:: Exercise instructions ::
The listing below has to be output exactly as given, less its pictures.

:: Information given ::
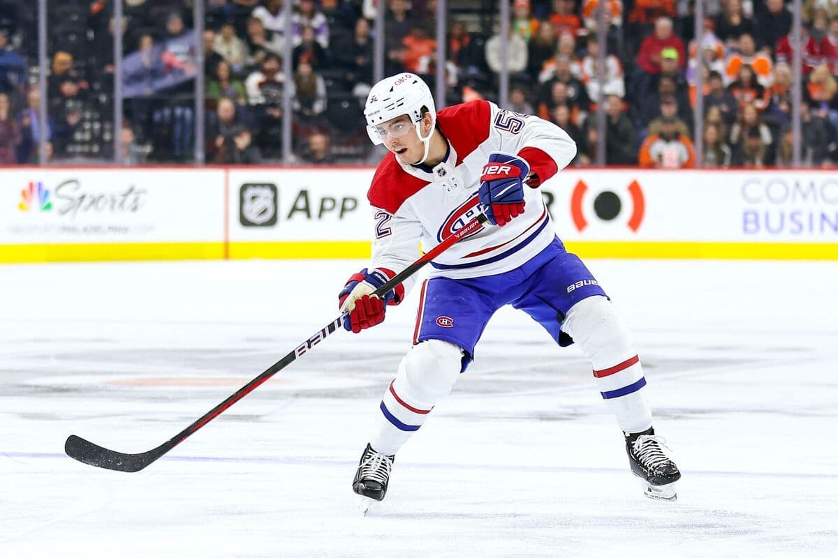 Le défenseur Justin Barron a patiné en solitaire quelques minutes avant l’entraînement du Canadien de Montréal, vendredi avant-midi, au complexe sportif de Brossard.
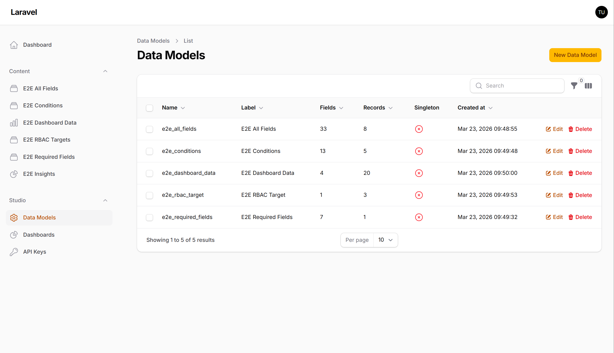A dynamic data model manager for Filament v5 — create collections, define fields, manage records, and build dashboards, all at runtime. No migrations required.
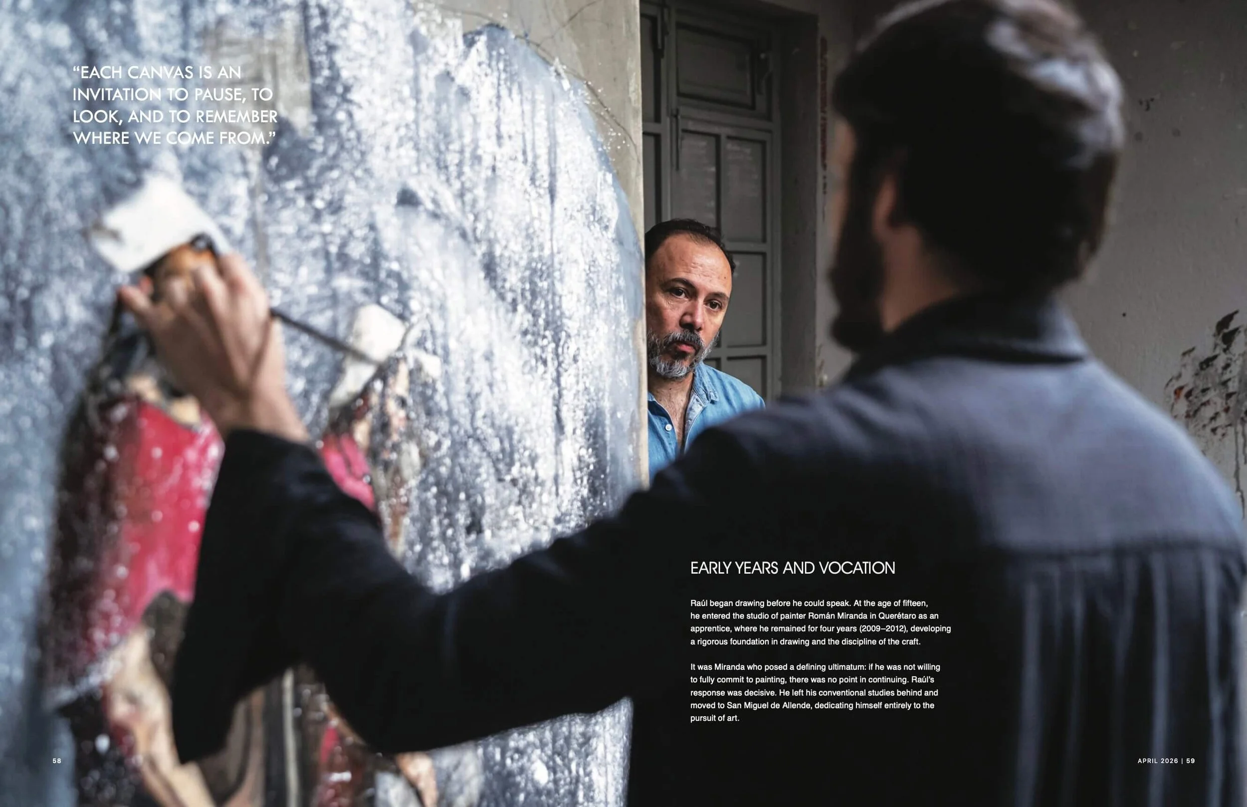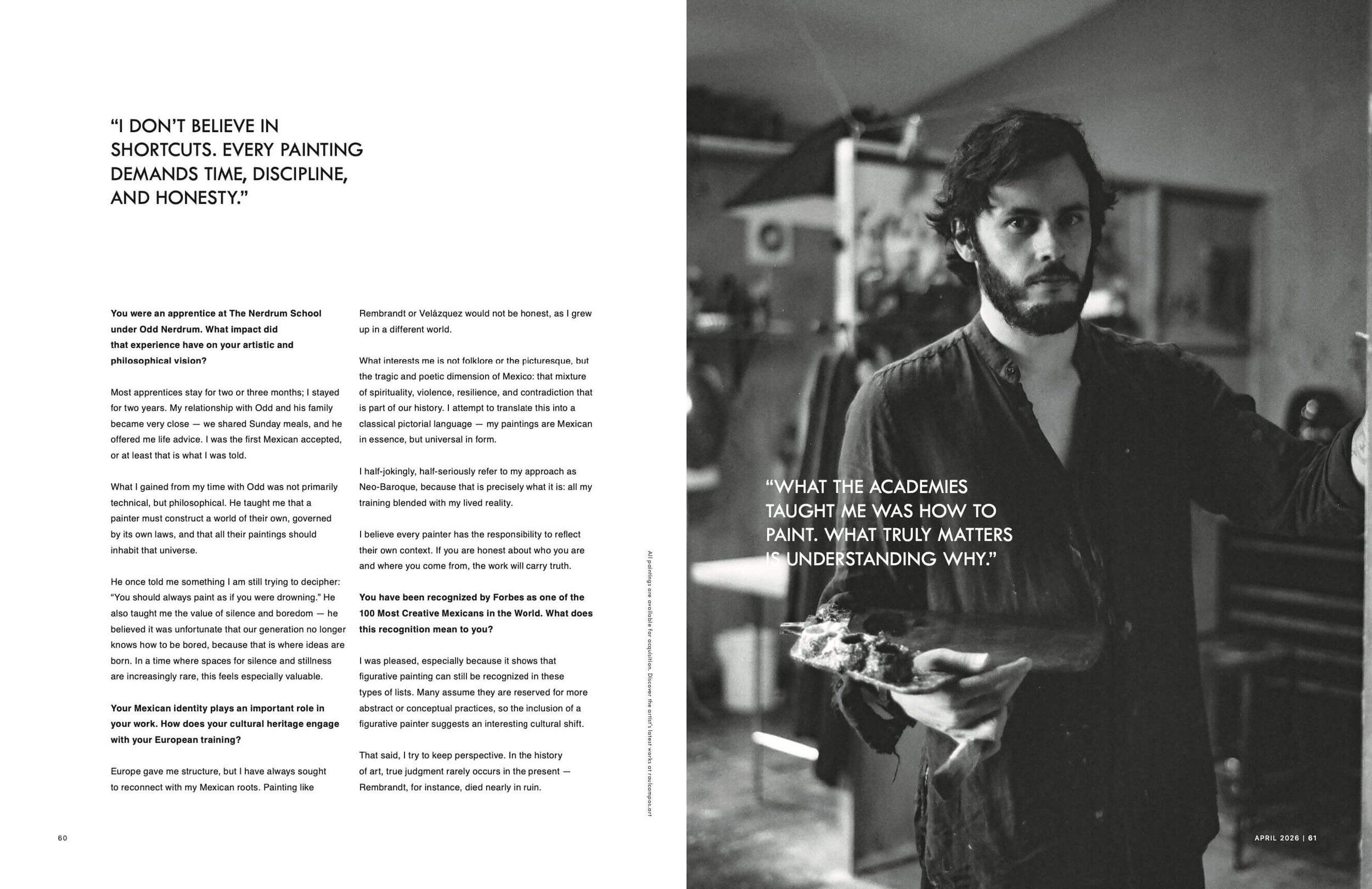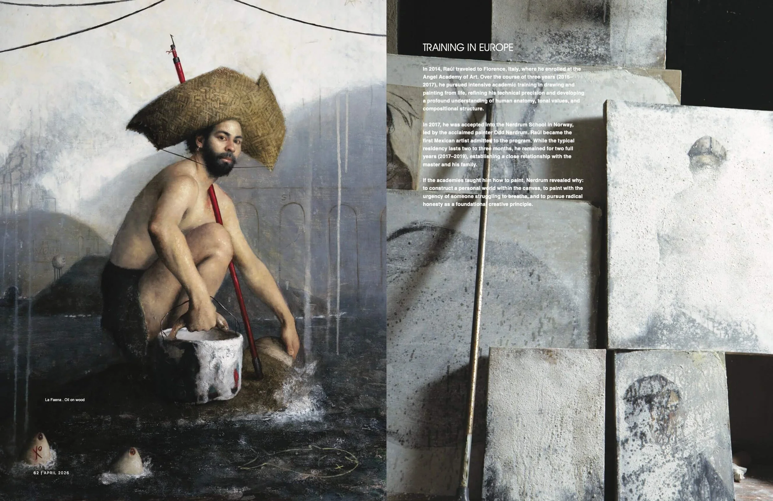 This special issue features Raúl Campos Herrera on the cover with Pensar no ayuda (oil on linen, 2026), a work that encapsulates his disciplined approach to figurative painting. Through a restrained palette, precise composition, and a subtle orchestration of light, Raúl Campos constructs images that explore psychological depth and inner tension with remarkable clarity.
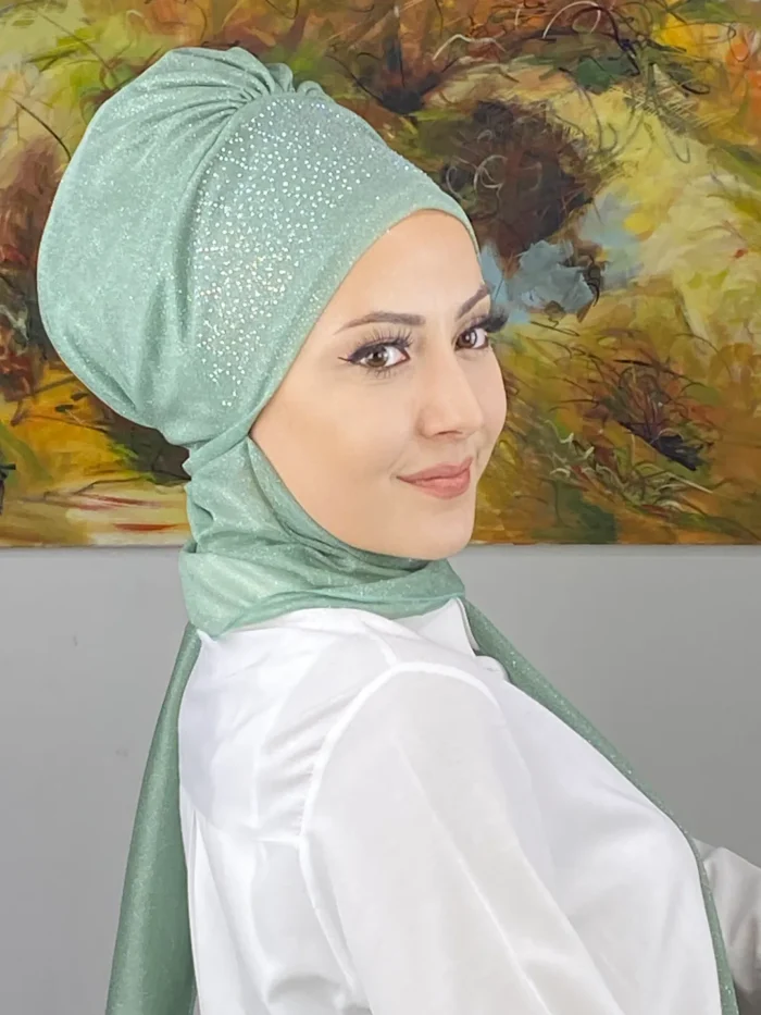 Güneş Model Taşlı Abiye Atkılı Bone Şal – Mint Yeşili ile zarif duruşunuzu taçlandırın.
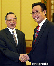 中新社北京五月二十一日電 (記者 朱大強)中國全國人大常委會委員長吳邦國和全國政協(xié)主席賈慶林今天在此間分別會見了越南總理潘文凱。他們指出,雙方要共同珍惜和精心維護友好關(guān)系,妥善處理存在的問題。
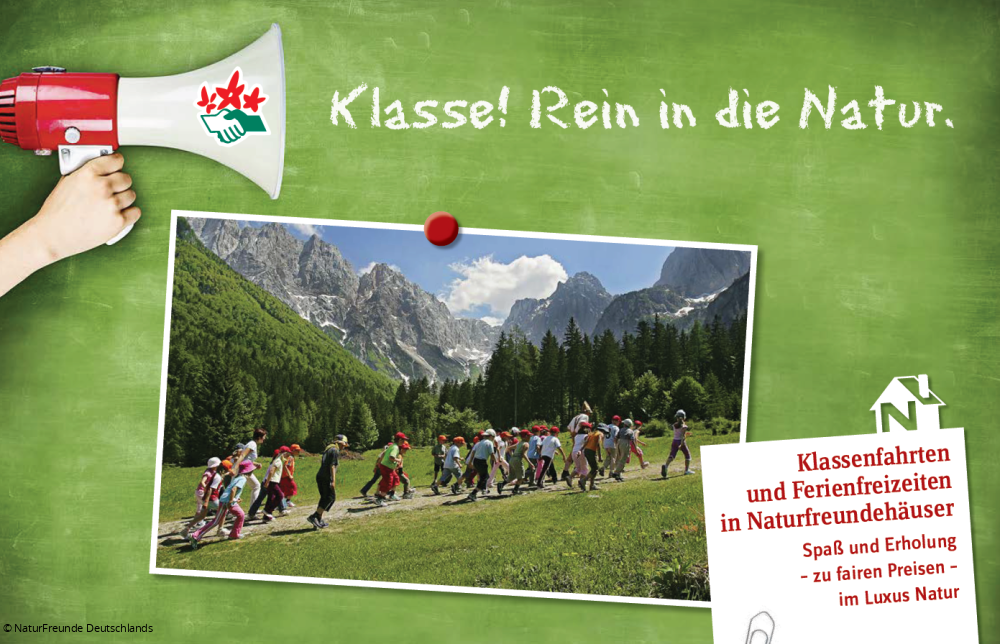 Von der Kita bis zur weiterführenden Schule ist für jedes Alter etwas dabei. Bei den Klassenfahrten und Ferienfreizeit-Angeboten liegt der Fokus auf Naturerlebnissen, Bewegung im Freien, einem sozialen Miteinander und einer gesunden Ernährung. Bei rund 400 Naturfreundehäusern in Deutschland reicht die Vielfalt von der einfachen Berghütte mit Etagendusche bis zur komfortablen Unterkunft, von Häusern mit 20 bis zu 180 Betten, von Selbstversorgung bis zur gesunden Vollverpflegung.

:: Solution ::
 Le défenseur Justin Barron a patiné en solitaire quelques minutes avant l’entraînement du Canadien de Montréal, vendredi avant-midi, au complexe sportif de Brossard.
A dynamic data model manager for Filament v5 — create collections, define fields, manage records, and build dashboards, all at runtime. No migrations required.
 This special issue features Raúl Campos Herrera on the cover with Pensar no ayuda (oil on linen, 2026), a work that encapsulates his disciplined approach to figurative painting. Through a restrained palette, precise composition, and a subtle orchestration of light, Raúl Campos constructs images that explore psychological depth and inner tension with remarkable clarity.
 Güneş Model Taşlı Abiye Atkılı Bone Şal – Mint Yeşili ile zarif duruşunuzu taçlandırın.
 中新社北京五月二十一日電 (記者 朱大強)中國全國人大常委會委員長吳邦國和全國政協(xié)主席賈慶林今天在此間分別會見了越南總理潘文凱。他們指出,雙方要共同珍惜和精心維護友好關(guān)系,妥善處理存在的問題。
 Von der Kita bis zur weiterführenden Schule ist für jedes Alter etwas dabei. Bei den Klassenfahrten und Ferienfreizeit-Angeboten liegt der Fokus auf Naturerlebnissen, Bewegung im Freien, einem sozialen Miteinander und einer gesunden Ernährung. Bei rund 400 Naturfreundehäusern in Deutschland reicht die Vielfalt von der einfachen Berghütte mit Etagendusche bis zur komfortablen Unterkunft, von Häusern mit 20 bis zu 180 Betten, von Selbstversorgung bis zur gesunden Vollverpflegung.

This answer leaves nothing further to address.